Re: Utah State-Endorsed Digital Identity (SEDI) legislation

On Sun, Feb 15, 2026 at 2:03 PM Kyle Den Hartog <kyle@pryvit.tech> wrote:
> Everyone here seems to be arguing for points about how trust isn’t improved and this slows down EU adoption. I agree both of those are true but I see slow adoption as a feature not a bug.

Hmm, no... at least, I'm not making any predictions about speed of adoption.
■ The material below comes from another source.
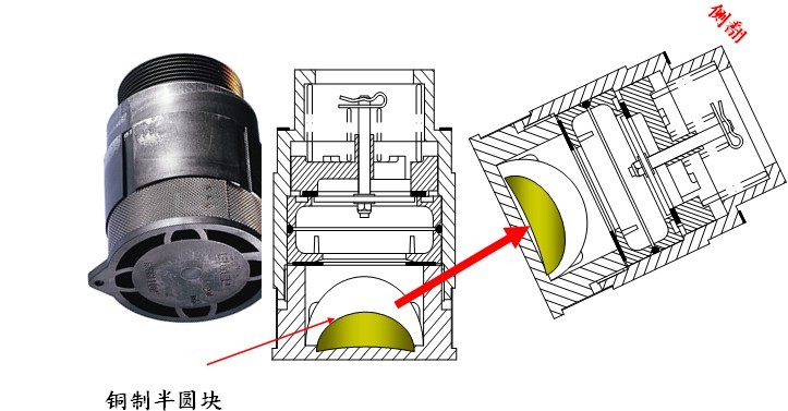 側翻:•傾翻時的密封 - 在正常情況下, 銅質(zhì)半圓重塊位于閥底部,傾翻時重塊在重量作用下翻動, 封住閥口

I'm saying that the EU is accidentally concentrating power among Big
Tech companies and governments (by making the regulations difficult to
achieve). This will leave their citizens little choice over digital
wallets and other digital credential management software. It will also
harm small organizations from receiving stronger / more
privacy-preserving credentials for business cases that would benefit
from them. In other words, the opposite of what they're attempting to
achieve.

> Instead I argue Jevons paradox should be solved at the browser layer not the wallet layer because of this.

It sounds like you're arguing for browser vendors to be mandated to
implement "Trusted Verifier Lists" by the EU. This isn't an optional
thing in the EU, IIUC.

I'm fine with my browser warning me when I'm going to a website with a
broken/invalid TLS certificate. I am not ok with my browser preventing
me from engaging in a private transaction that I want to engage in.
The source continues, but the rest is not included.